Activity: The data below should be transcribed in full, with no picture included.

Given records:
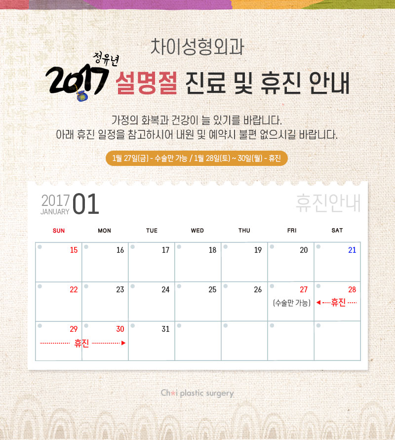 2017 설명절 진료 및 휴진 안내
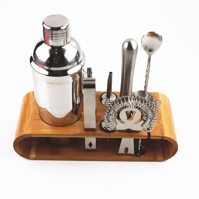 trending ! Cocktail Shaker Set Bartender Kit with Stand 10pcs Cocktail Shaker Mixer Stainless Steel 550ml Bar Tool Set with fashionable Bamboo Stand outstanding Home Bartending Kit and Martini Cocktail Shaker Set
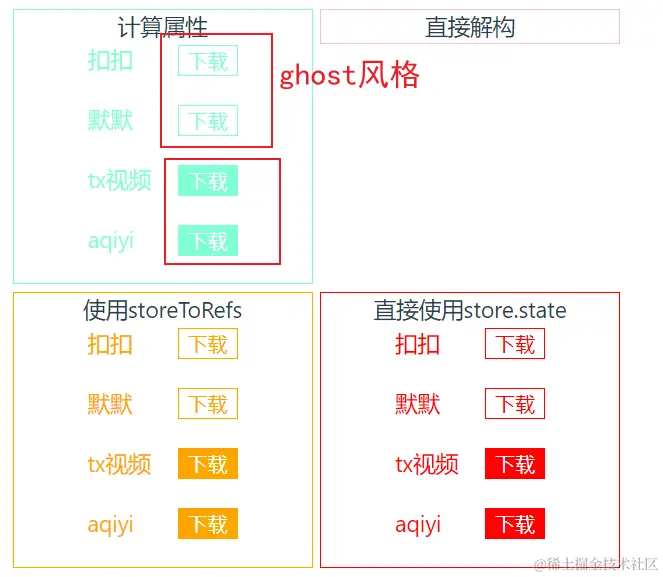 soft-button传参使用的是一个函数,多少有点不雅观,于是想给每个someList的item增加ghost和color属性,这样就可以直接使用item.ghost,item.color传参了
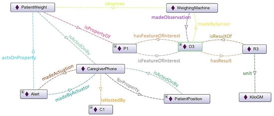 - As shown in Figure 1, the patient and disease dimensions are linked to the SOSA observation dimension through the relationships ‘hasFeatureOfInterest’, ‘isFeatureOfInterestOf’, ‘hosts’, and ‘isHostedBy’. This link originates from the concepts Patient and Room because the design proposed by the authors uses Room as the location for sensors and actuators and Patient as a feature of interest for the theoretically created automation system. This does not mean that only these two concepts can be used as shown in Figure 1 (it is a design proposed by the authors); the other concepts can be used as the OntoCaimer user wishes. For example, a symptom can be a feature of interest, or a caregiver can host the sensor. This all depends on the design of the solution.
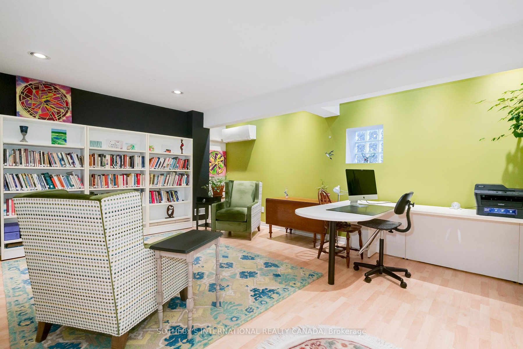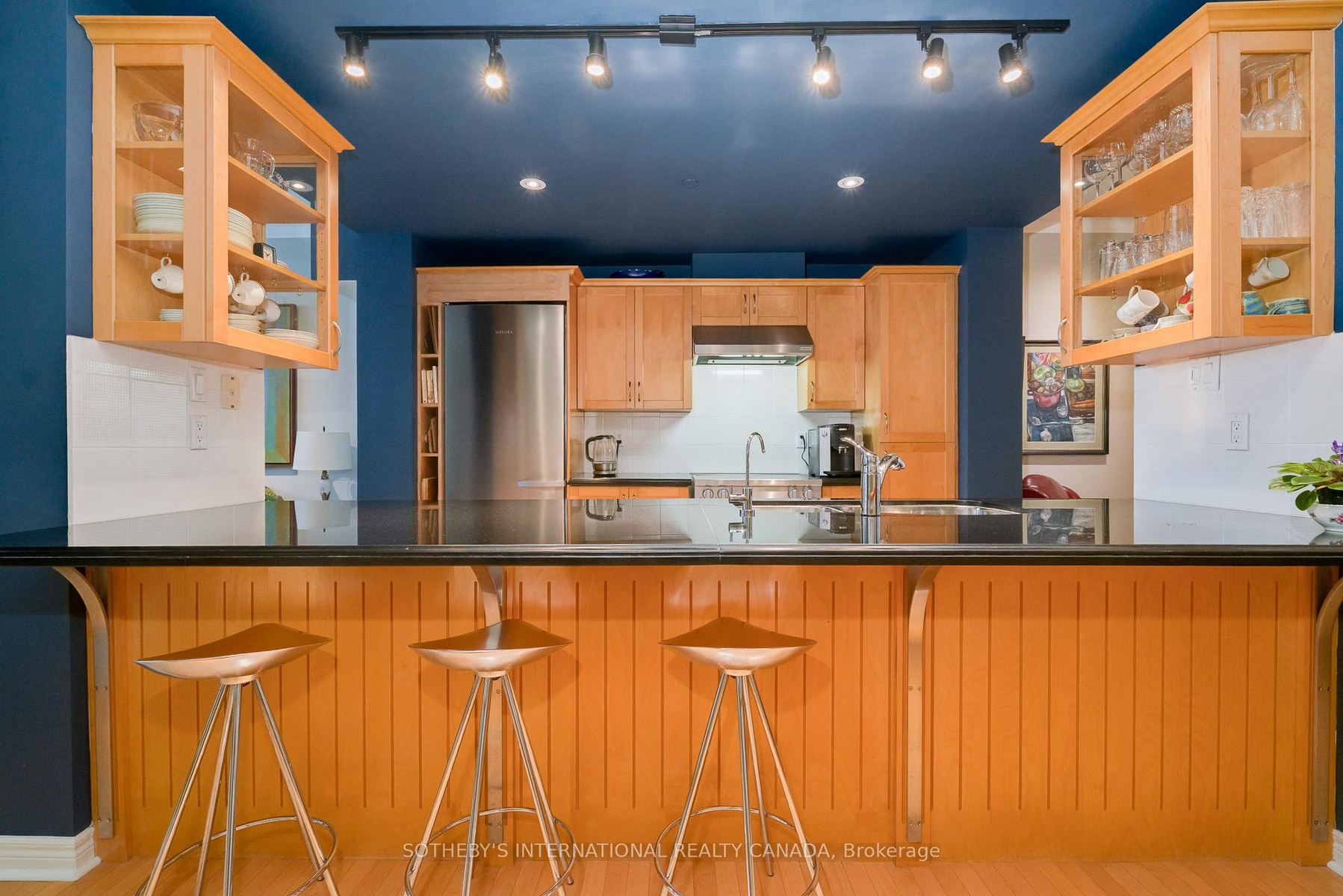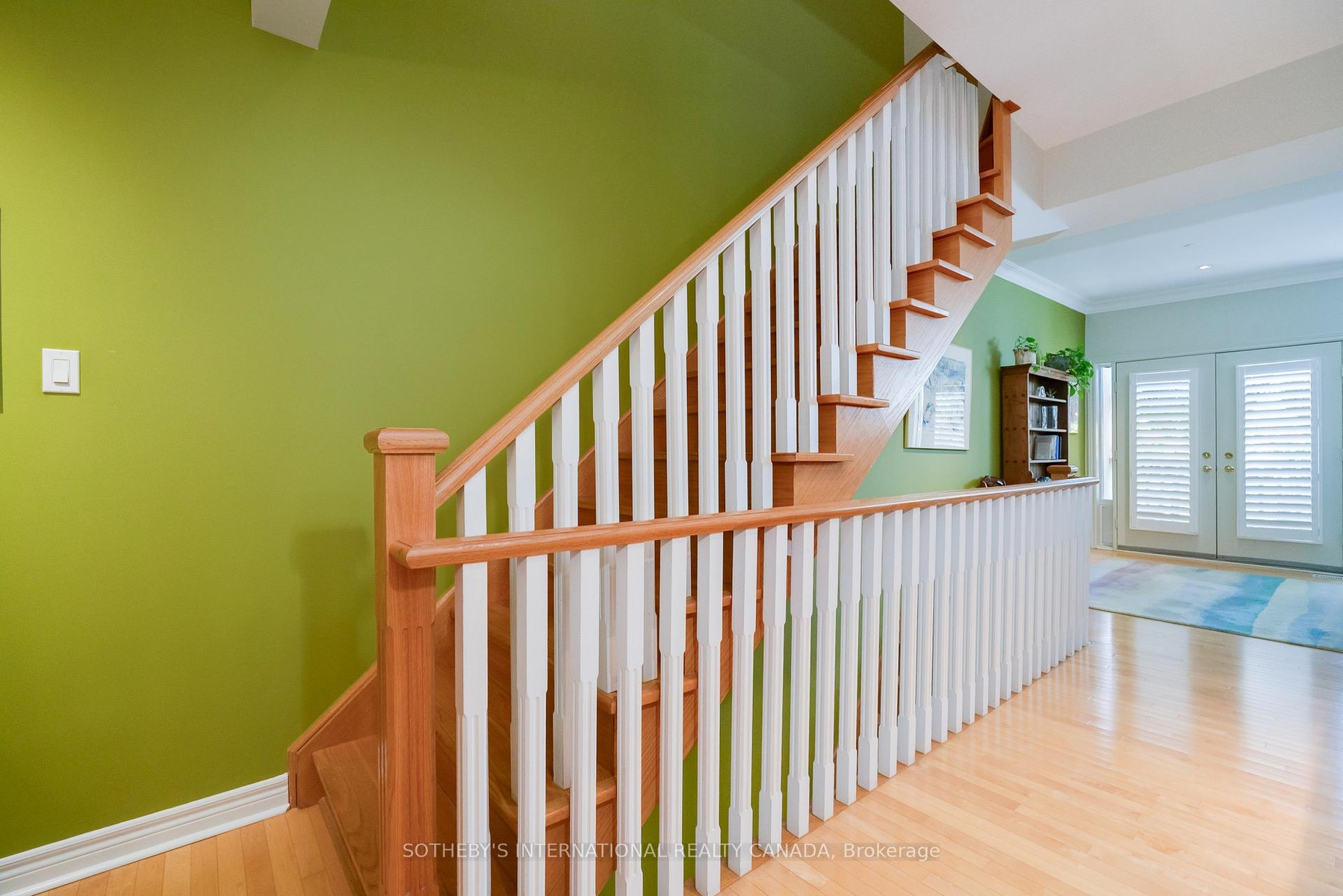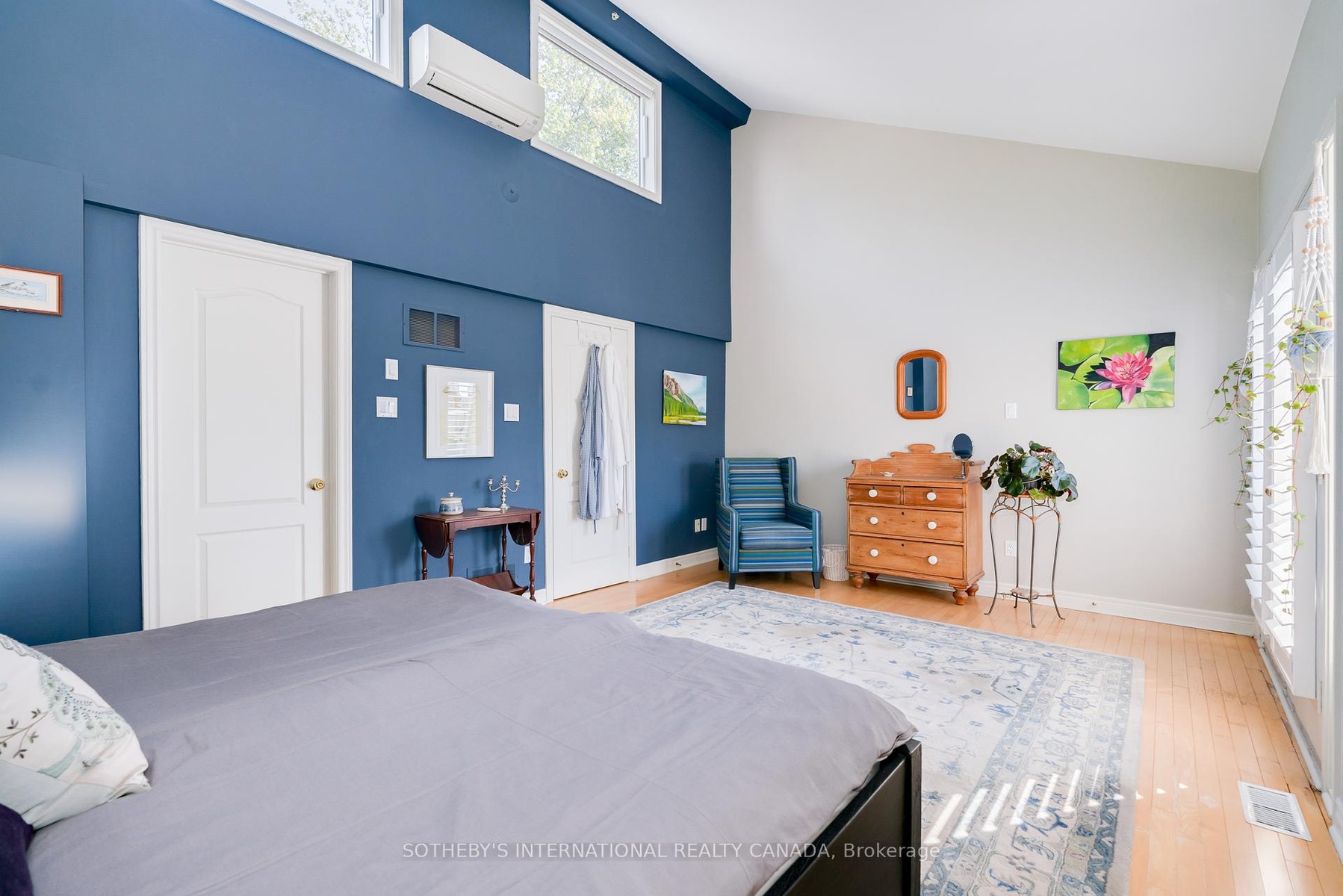 Experience urban living at its finest with this stunning 3-storey townhouse built in 2001. Enter through the spacious foyer, with large coat closet & access to the 1-car garage with additional storage space. The ground floor features a huge family room with skylights and built in shelving that could also be used as a home office, or ground floor bedroom, as there is a 4pc bath as well. The second floor open-concept living room has 9-foot ceilings, hardwood flooring, gas fireplace, and French doors to a west facing balcony. The spacious recently renovated kitchen features ample storage, a large breakfast bar, Miele refrigerator/freezer, Miele induction range, Miele built-in dishwasher, and Vent-A-Hood professional range hood. The dining room features a walkout to the large east facing rear deck. The deck has a gas hook up for a BBQ area and water faucet for planter gardening. The third floor Primary bedroom has a cathedral ceiling soaring to 14 feet in height, French doors to a second west-facing balcony, double closets and a 5pc ensuite bath with whirlpool tub. The second bedroom is equally large, with high ceilings, double closets, additional storage cupboards, and a large east facing window. All French doors have Phantom screens installed. Laundry appliances include a Miele clothes washer and LG gas clothes dryer. This property is heated and cooled with an efficient Mitsubishi electric ductless cold weather heat pump system. There is 200 amp electrical service and hot water on demand. California Shutters, a fire sprinkler system, and Ecowater purification system. The flow, natural light and open spaces of this wonderful home will surpass your expectations! The location is close to all neighbourhood parks, trails, schools, library, public transit, and the shops and restaurants of Parliament St. Centrally located to the downtown business area with easy access to the DVP and Gardiner Expressway.

Output of the task:
 2017 설명절 진료 및 휴진 안내
 trending ! Cocktail Shaker Set Bartender Kit with Stand 10pcs Cocktail Shaker Mixer Stainless Steel 550ml Bar Tool Set with fashionable Bamboo Stand outstanding Home Bartending Kit and Martini Cocktail Shaker Set
 soft-button传参使用的是一个函数,多少有点不雅观,于是想给每个someList的item增加ghost和color属性,这样就可以直接使用item.ghost,item.color传参了
 - As shown in Figure 1, the patient and disease dimensions are linked to the SOSA observation dimension through the relationships ‘hasFeatureOfInterest’, ‘isFeatureOfInterestOf’, ‘hosts’, and ‘isHostedBy’. This link originates from the concepts Patient and Room because the design proposed by the authors uses Room as the location for sensors and actuators and Patient as a feature of interest for the theoretically created automation system. This does not mean that only these two concepts can be used as shown in Figure 1 (it is a design proposed by the authors); the other concepts can be used as the OntoCaimer user wishes. For example, a symptom can be a feature of interest, or a caregiver can host the sensor. This all depends on the design of the solution.
 Experience urban living at its finest with this stunning 3-storey townhouse built in 2001. Enter through the spacious foyer, with large coat closet & access to the 1-car garage with additional storage space. The ground floor features a huge family room with skylights and built in shelving that could also be used as a home office, or ground floor bedroom, as there is a 4pc bath as well. The second floor open-concept living room has 9-foot ceilings, hardwood flooring, gas fireplace, and French doors to a west facing balcony. The spacious recently renovated kitchen features ample storage, a large breakfast bar, Miele refrigerator/freezer, Miele induction range, Miele built-in dishwasher, and Vent-A-Hood professional range hood. The dining room features a walkout to the large east facing rear deck. The deck has a gas hook up for a BBQ area and water faucet for planter gardening. The third floor Primary bedroom has a cathedral ceiling soaring to 14 feet in height, French doors to a second west-facing balcony, double closets and a 5pc ensuite bath with whirlpool tub. The second bedroom is equally large, with high ceilings, double closets, additional storage cupboards, and a large east facing window. All French doors have Phantom screens installed. Laundry appliances include a Miele clothes washer and LG gas clothes dryer. This property is heated and cooled with an efficient Mitsubishi electric ductless cold weather heat pump system. There is 200 amp electrical service and hot water on demand. California Shutters, a fire sprinkler system, and Ecowater purification system. The flow, natural light and open spaces of this wonderful home will surpass your expectations! The location is close to all neighbourhood parks, trails, schools, library, public transit, and the shops and restaurants of Parliament St. Centrally located to the downtown business area with easy access to the DVP and Gardiner Expressway.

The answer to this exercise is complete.